16. How to predict the outcome of marketing actions?
The answer is Regression analysis - the powerful tool that helps you uncover relationship between variables.
This newsletter aims to help you better understand your customers using behavioral and data science.
Data science is an umbrella term comprising two main components - statistics and machine learning.
In statistics, there are 3 essential concepts to understand -
A/B Testing and Hypothesis Testing
Regression Analysis
My newsletters on the first two topics are linked above. This week, I am focusing on Regression Analysis, a powerful tool for uncovering relationships between variables.
Regression analysis can help you predict the outcome of specific marketing actions based on historical data. For example, you can use regression to understand how changes in marketing spend will affect sales or how different demographics respond to your campaigns. Therefore, Regression Analysis can help you allocate spending, optimize tactics, and achieve better results.
Here are some ways it helps us gain insights:
Understanding Relationships: Which product features impact customer satisfaction the most? The analysis helps us identify and quantify such relationships.
Predicting Customer Behavior: What % of our customer base could churn? What is the likelihood of a customer buying a product?
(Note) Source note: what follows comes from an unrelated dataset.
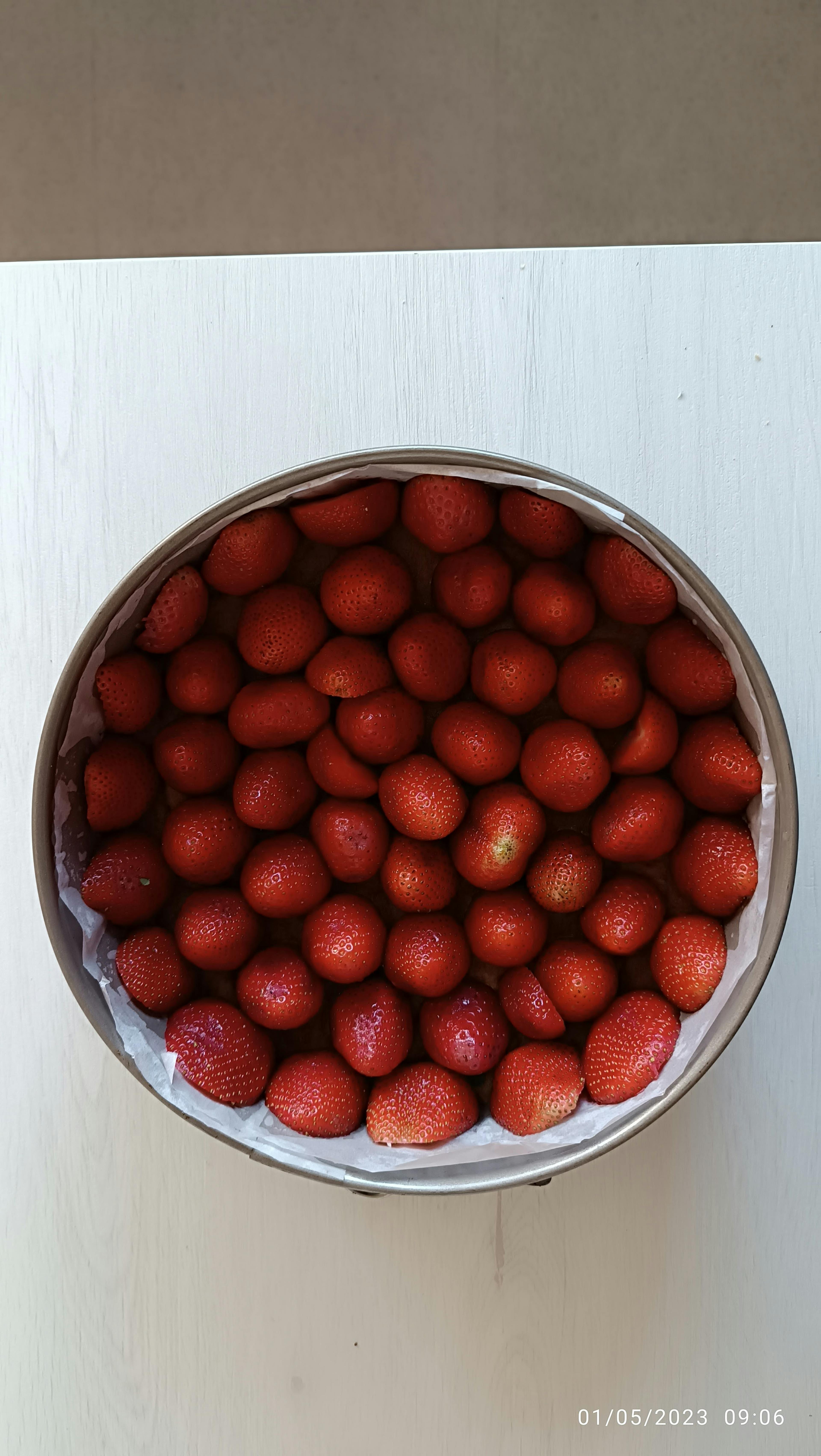 -lavamos las fresas y cortamos el tallos, reservamos 3 fresas 🍓 para decoración .Cortamos 10 0 12 🍓 por la mitad y las colocamos sobre la base de la galleta ( dejamos la parte interior para fuera) bordeando el interior del molde , ponemos las fresas enteras en el centro de la tarta,cubriendo toda la base.

Segmentation: Which demographic groups are more likely to respond positively to a marketing campaign? The analysis can help segment customers based on their responses to different variables.
Evaluating Trends Over Time: How are customer preferences changing? Regression models can analyze trends over time.
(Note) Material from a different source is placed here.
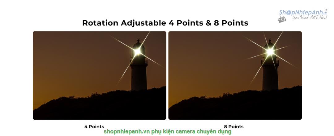 * 【Chuyển đổi tự do giữa sao 4 điểm và sao 8 điểm】Để mang đến sự tiện lợi tối đa khi sử dụng bộ lọc sao này, K&F Concept đưa các hiệu ứng sao thường được sử dụng nhất vào một bộ lọc. Bạn có thể xoay bộ lọc để chuyển đổi mượt mà giữa sao 4 điểm và sao 8 điểm. Dựa trên điều kiện chụp và sở thích sáng tạo, cho phép tạo ra các bố cục chính xác và nghệ thuật với bộ lọc này được gắn trên ống kính máy ảnh của bạn.

Data science teams at most companies would use regression models for business decision-making. Here are a few examples -
An e-commerce platform uses regression to predict which products will likely be popular among customer segments. This enables it to stock products more efficiently.
A subscription-based streaming service provider uses regression analysis to analyze viewer habits, ratings, and preferences to personalize content recommendations, thereby increasing viewer engagement and subscription renewal rates.
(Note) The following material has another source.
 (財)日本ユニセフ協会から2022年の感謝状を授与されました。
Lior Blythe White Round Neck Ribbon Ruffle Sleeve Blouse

A shoe manufacturer employs regression analysis to understand the impact of various marketing strategies on sales performance. This allows the company to allocate its marketing budget more effectively and design products that meet the evolving preferences of its target market.
A typical marketing use case is forecasting sales based on the marketing budget.
To conduct this forecast, you need historical data depicting marketing spending over a certain period. Mathematically, the monthly marketing spend is the independent variable or X value, and the dependent variable is the number of sales per month or Y value.
I created the data set below to represent monthly marketing spend and the corresponding number of sales over 12 months.
So, the overall regression equation is Y = bX + a, where:
XÂ is the independent variable (marketing spend)
YÂ is the dependent variable (sales)
b is the slope of the line
a is the point of interception, or what Y equals when X is zero
Using Google Sheets, I got the following X-Y scatter chart with a regression line and equation. The slope of the line indicates the degree of relationship. Here, the line is almost flat, indicating a weak impact of marketing spend on sales. If the slope of the line is upwards, it would suggest that increasing spending would increase sales, and a downward line would indicate the reverse.
This is a very simple example of a linear regression. In reality, multiple factors impact sales, and these factors could be modeled using more complex methods, such as multivariate regression.